The War on Christmas Needs a Ceasefire

Those who complain about a War on Christmas have a point. These days, many of us are so easily offended or “disrespected” that it’s often hard to know what’s safe to say. Well, I’ll say Merry Christmas to you. God bless us, everyone!

The problem is, it seems to me, certain folks think Christmas isn’t for all of us, everyone. These are often believers in what are described in the Gospels regarding what occurred in a stable in Bethlehem. For them, Christmas is for, as it were, a certain “inn crowd.” However, there’s good news for everyone else.

A few years back, a Pennsylvania rabbi protested the placement of a Christmas tree at a local airport. He felt a Menorah should also be displayed to balance out the religious imagery. The airport took the tree down. No one, on either side, seemed to realize that Christmas trees have nothing to do with Christian iconography.

No one thinks, best I know, that Jesus Christ was born in December. When shepherds watch their flocks by night, that was in March. Early Christmas celebrations took place at the end of the year so Christian celebrations would occur at the same time as the Roman festivals honoring the Winter Solstice. Many of the trappings of Christmas were also assimilated from Pagan nature worshipers, like wreaths, Yule logs, mistletoe, and, of course, the decorated tree. If one were to complain these are religious symbols, it’d be closer to the mark to brand them Wiccan, not Christian.

Likewise, the figure of Santa Claus, a.k.a. Saint Nicholas and Father Christmas, has both pre-Christian and Catholic roots in Europe, although most of us know him best by way of Clement Clarke Moore’s 1823 poem “Twas the Night Before Christmas” and caricatures by Thomas Nast. The gifts for good children made at the North Pole by cherubic elves and delivered on a sleigh pulled by nine reindeer are for any child on the “nice” list, whatever religious belief or lack thereof.

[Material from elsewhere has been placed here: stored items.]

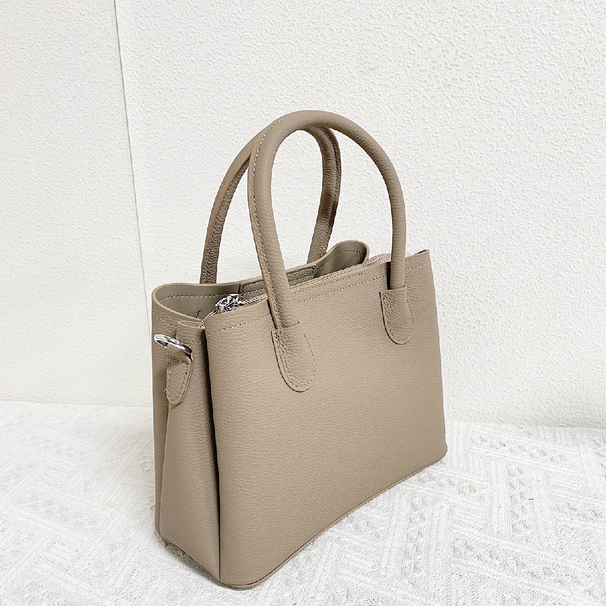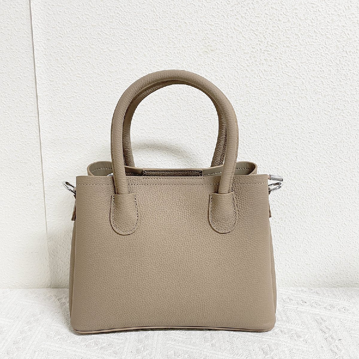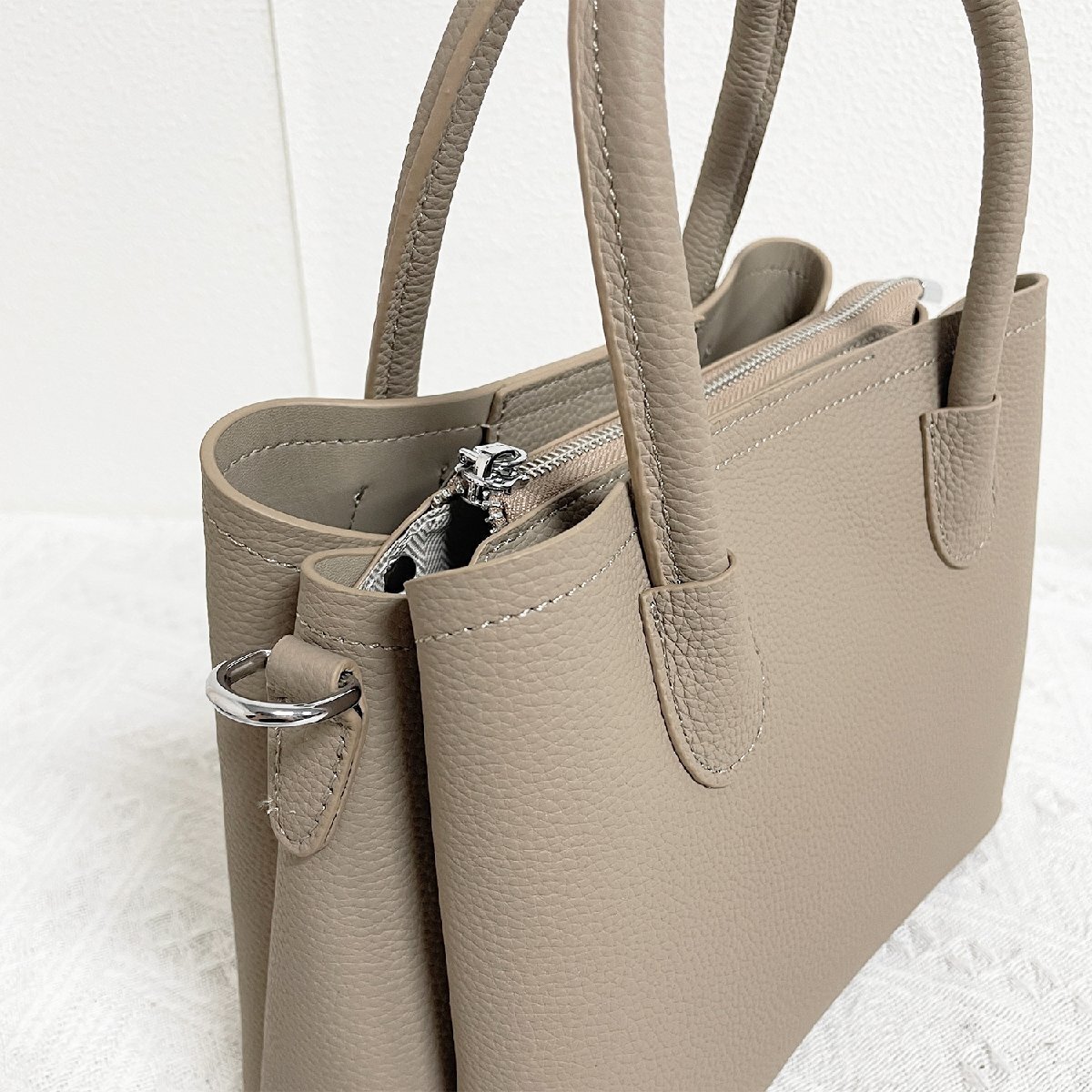 ハンドバッグは定番なデザインで、様々なシーンで活躍!両側に丁寧に施された裁縫は、デザインの一部となってお洒落で、女性らしく可愛い雰囲気を味わえます。また、内側は収納スペースが3つに分かれていて整理しやすく、ポーチ、財布、化粧品など、ディリーユースをすっぽり収納!!脱着式のロングショルダーをつけると、斜め掛けしにてお使いいただけ、両手をあけてアクティブに外出できます。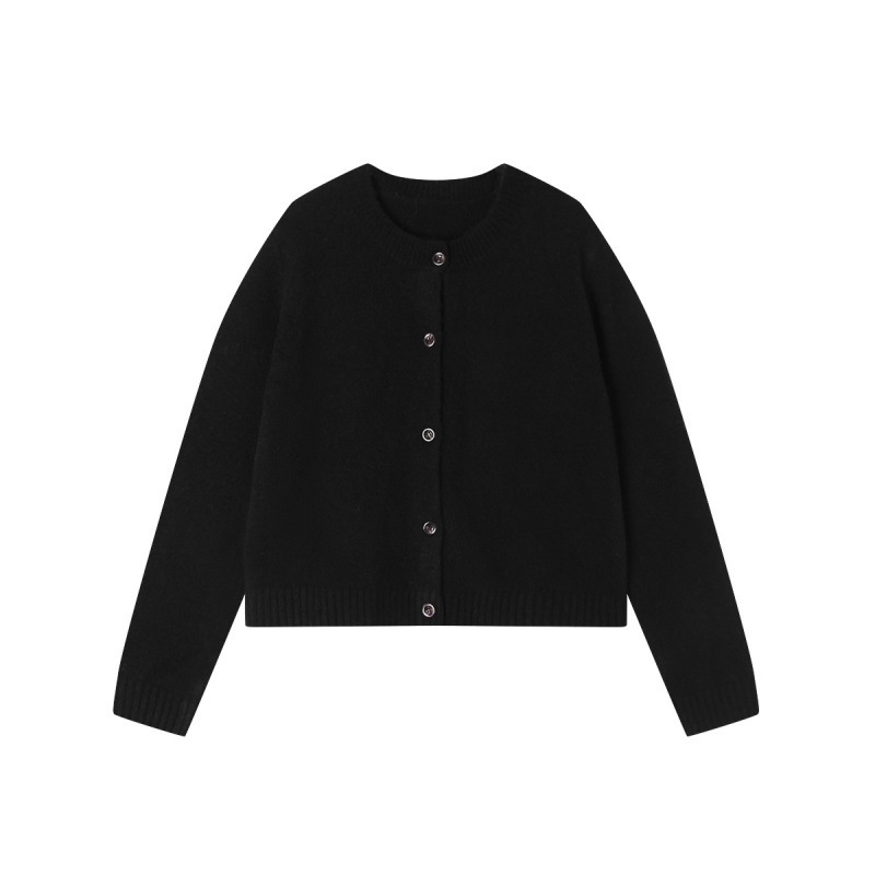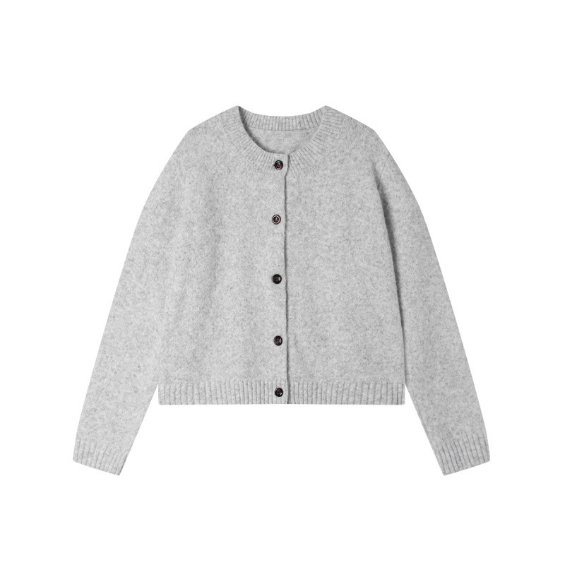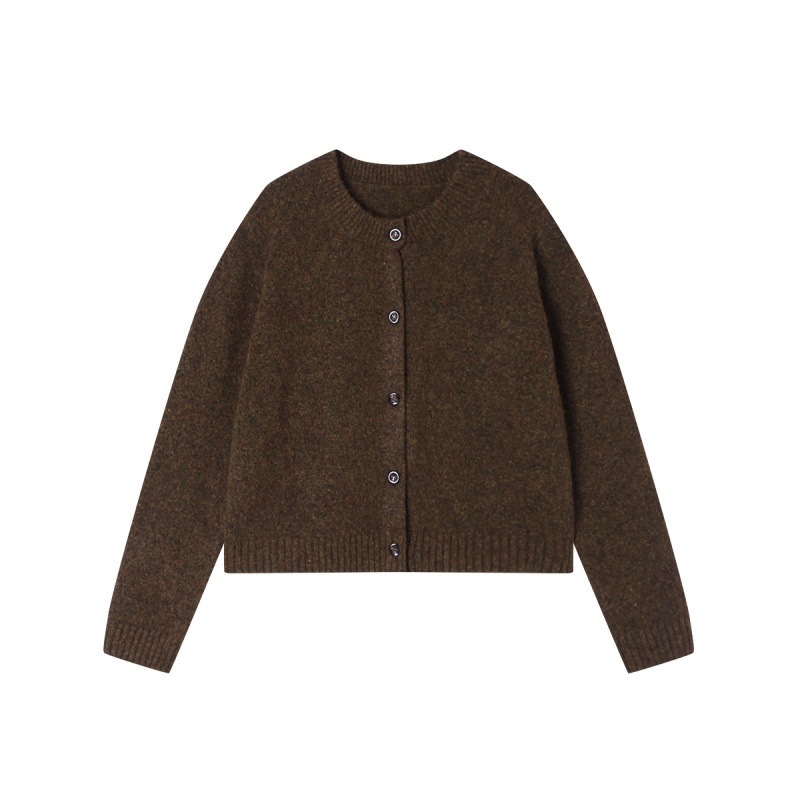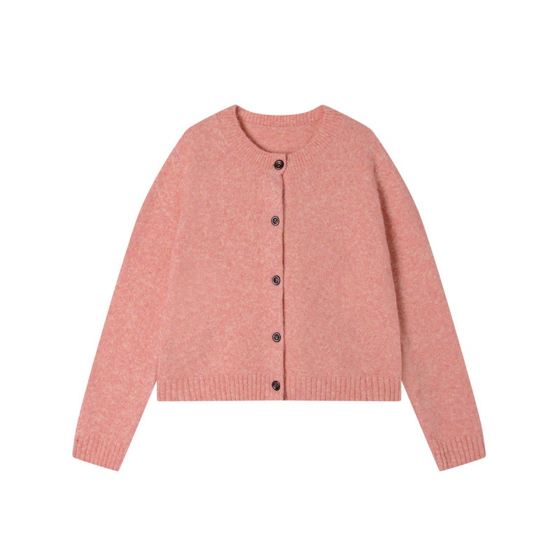 4色カジュアルなコート上着女性秋冬デザイン感雑色丸襟単列ニットカーディガン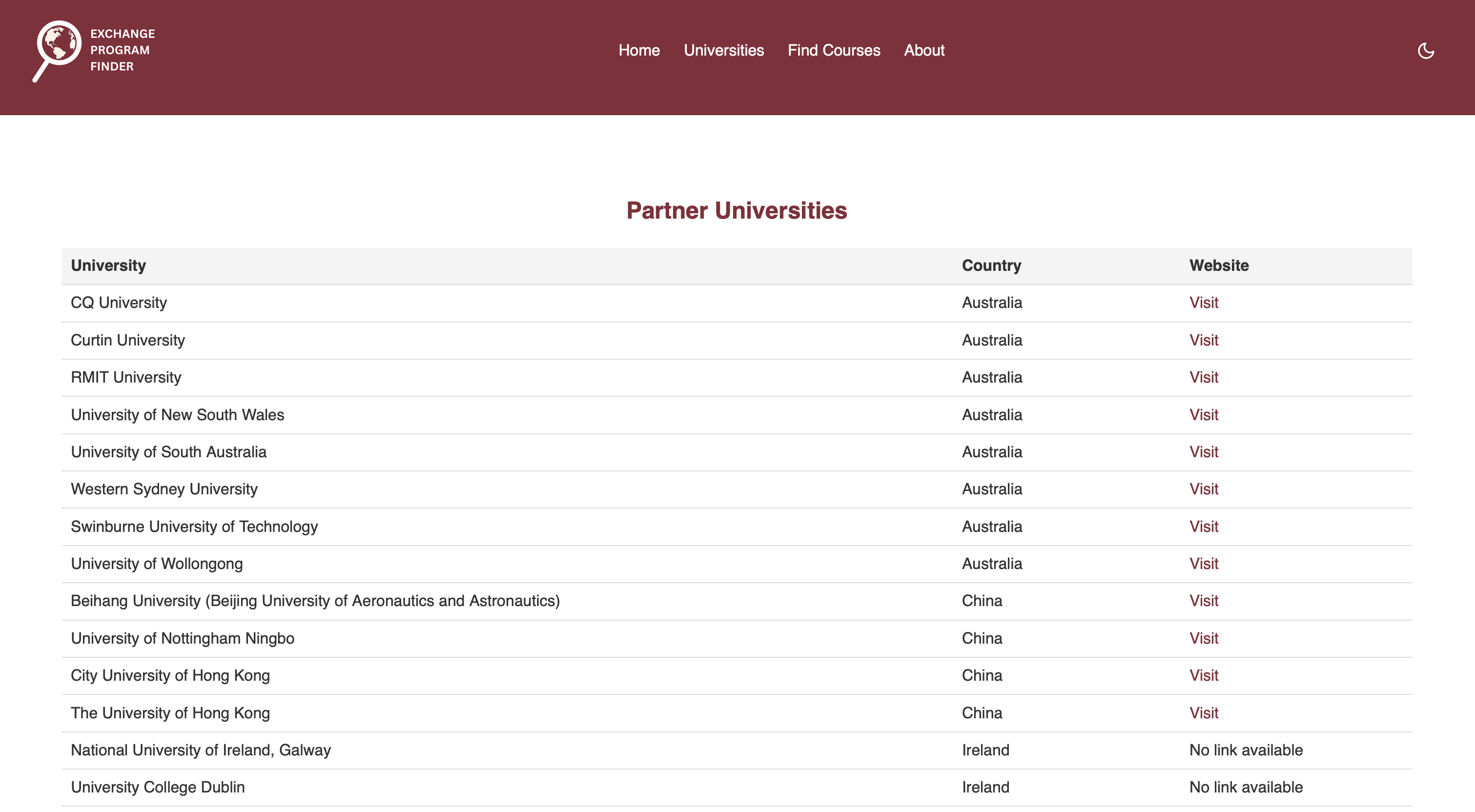 - Browse partner universities

Still, I admit understanding why there are those nervous about Nativity scenes and the like at the workplace, in public schools, or on government property. True, there’s the dual interpretation of the First Amendment with those championing free speech on one side, those pointing to the Separation of Church and State on the other. But I do think the primary message of such public statements is for believers to say, Christmas is ours. All others – I suppose they get a lump of coal in their stockings? Or are haunted by a Victorian ghost of Christmas past?

So in the spirit of the season, I say Christmas is for everyone, nice, naughty, Scrooge and Tiny Tim alike. So why fear saying so? Merry Christmas! If it wasn’t so cold outside, I’d find a toga and really get into the festive spirit. Then, we can get ready for the Spring Solstice when the Easter Bunny comes out of hibernation. Unless they declare war on him first.